Details
-
Bug
-
Status: Closed
-
Major
-
Resolution: Auto Closed
-
None
-
None
-
None
Description
There is still a property in nutch-default 'hadoop.job.history.user.location' that redirects the creation of history files from job output locations to a custom location. I noticed that the current value does not work well with cloudera (I have tested cdh3u4), because ${hadoop.log.dir} is not defined. This actually causes the job in the jobtracker to show empty info. (With 'incomplete' job status). This is only when the job moves to retired. When it is still in 'completed', all is looking well.
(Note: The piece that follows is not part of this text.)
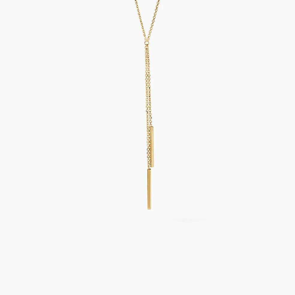 Collier Or Jaune 375/1000 Motif Double Chaine Cravate Avec Barrettes Maille Jaseron 40+2cm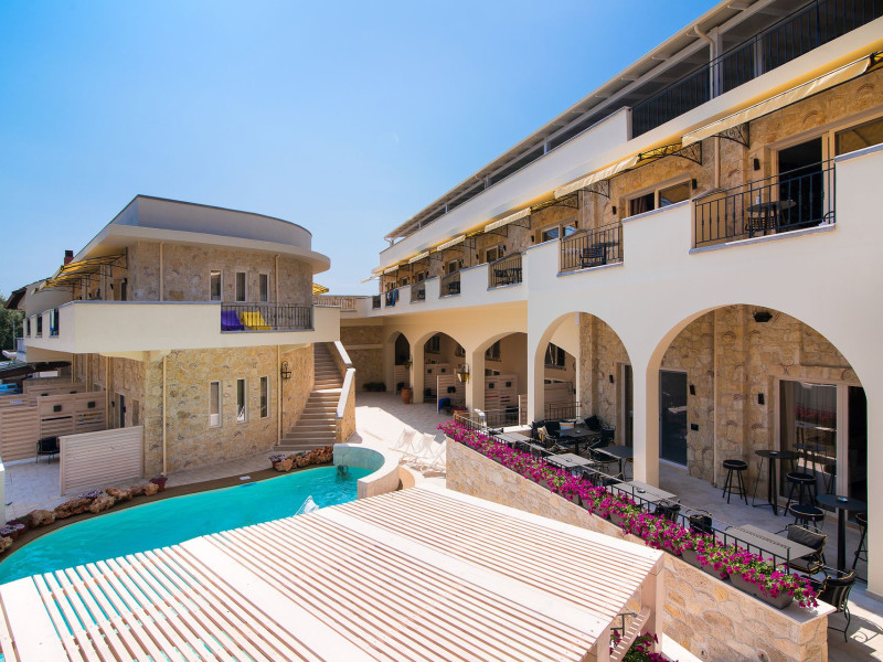 Neikos Luxury Suites, is located in Halkidiki in the peninsula of Kassandra. Ideally situated in the village of Hanioti 50 m. from the sea and 100 m. from the center, it is built with respect to traditional architecture. This new summer resort with its interiors inspired of natural beauty, with colors and brushes of the Mediterranean aesthetics, dispose rooms and suites fully equipped and unique atmospheric decoration. Its exteriors with the beautiful individually garden and balconies in combination with the exotic wavy pool, are idyllic summer destination. The facilities of NEIKOS Luxury Suites and the quality of customer services are completed by the luxurious residence in an ideal relaxation environment.

This property can be set to 'none', because the job history is ALSO stored in the central jobtracker location anyway. The 'hadoop.job.history.user.location' property specifies an extra location. But if it is set to an invalid value, it causes the central history location to NOT store it, so it seems. Please see for more details:
http://hadoop.apache.org/common/docs/r1.0.3/cluster_setup.html
Besides setting it to 'none', another option is to set it to 'history' which does work with cdh. (This writes all logs to 'history' in the user directory in the configured filesystem, usually dfs). The final option is to simply remove this value and not meddle with hadoop properties at all. But that actually requires all jobs to correctly ignore these files. I am not up to date how well this currently works with Nutch jobs. This question is most relevant for trunk, since trunk heavily relies on the filesystem for jobs.
What do you think?
A) Set property to 'none'
B) Set property to 'history'
C) Remove property, see what happens, possibly fix jobs
D) ?
For now, I opt for A. But I think we need some more input with other distributions (for example official Hadoop 1.x) and also Nutch trunk.